**GOAL OF THE EXERCISE:**
The listing below should be reproduced exactly, with the pictures omitted.

**INFORMATION SHOWN:**
++++++++++

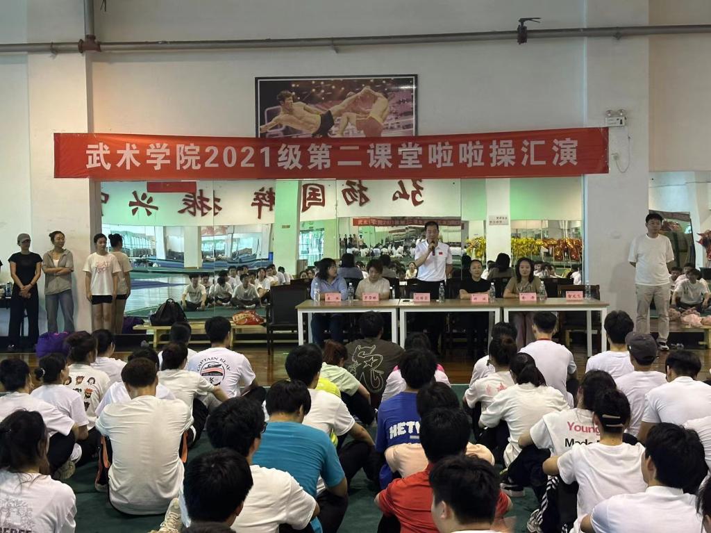 为了全面落实学校“十大改革工程”及学风建设,丰富学生课余生活,营造浓厚的校园文化氛围,发展学生兴趣特长,体现诸侯快讯的育人特色,培养学生的审美情趣。2024年6月20日下午5时,武术学院在套路馆召开了“武术学院2021级第二课堂啦啦操汇报表演”。参加活动的有武术学院院务会成员、指导教师许波、俞丹以及2021级全体学生。
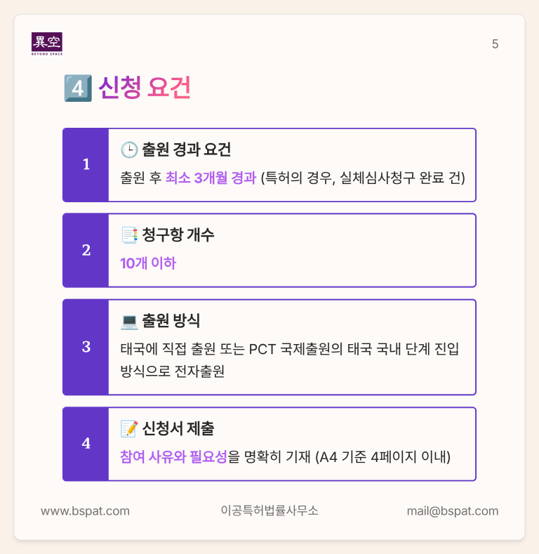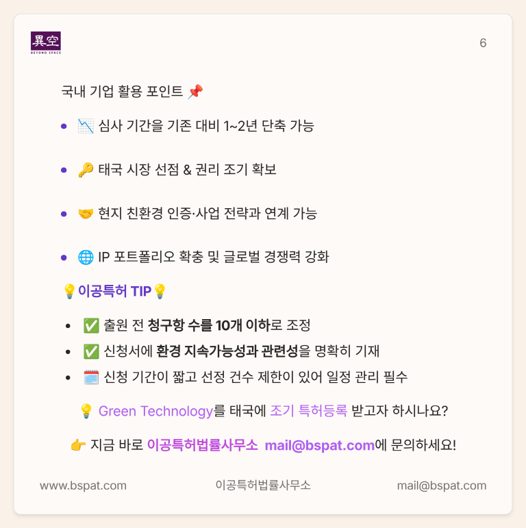 Green Technology에 대해서는 태국에서도 특허우선심사가 가능합니다👍 👉 하지만, 역시 신청기한, 청구항 개수, 필요성 소명 등에 대한 특별한 전략이 꼭 필요합니다! 🤔 혹시 지금 태국특허등록증 때문에 고민하고 계신가요? ✅ 카드뉴스에서 해법을 확인해 보세요! 📩 자세한 사항은 #이공특허법률사무소에 지금 바로 문의하세요. 📧 mail@bspat.com ![]() ![]() ![]() ![]() ![]() ![]()
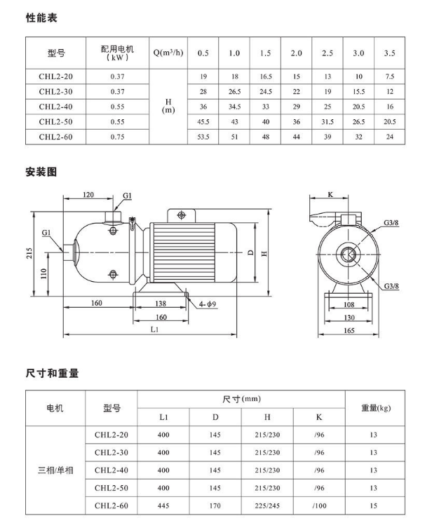 南方離心泵CHL2系列型號參數(shù)如下:
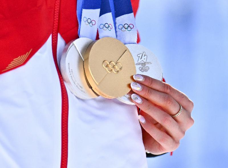 谷爱凌在颁奖仪式后展示自己在本届冬奥会上获得的三枚奖牌。 新华社发

++++++++++

**WRITTEN RESPONSE:**
 为了全面落实学校“十大改革工程”及学风建设,丰富学生课余生活,营造浓厚的校园文化氛围,发展学生兴趣特长,体现诸侯快讯的育人特色,培养学生的审美情趣。2024年6月20日下午5时,武术学院在套路馆召开了“武术学院2021级第二课堂啦啦操汇报表演”。参加活动的有武术学院院务会成员、指导教师许波、俞丹以及2021级全体学生。
 Green Technology에 대해서는 태국에서도 특허우선심사가 가능합니다👍 👉 하지만, 역시 신청기한, 청구항 개수, 필요성 소명 등에 대한 특별한 전략이 꼭 필요합니다! 🤔 혹시 지금 태국특허등록증 때문에 고민하고 계신가요? ✅ 카드뉴스에서 해법을 확인해 보세요! 📩 자세한 사항은 #이공특허법률사무소에 지금 바로 문의하세요. 📧 mail@bspat.com ![]() ![]() ![]() ![]() ![]() ![]()
 南方離心泵CHL2系列型號參數(shù)如下:
 谷爱凌在颁奖仪式后展示自己在本届冬奥会上获得的三枚奖牌。 新华社发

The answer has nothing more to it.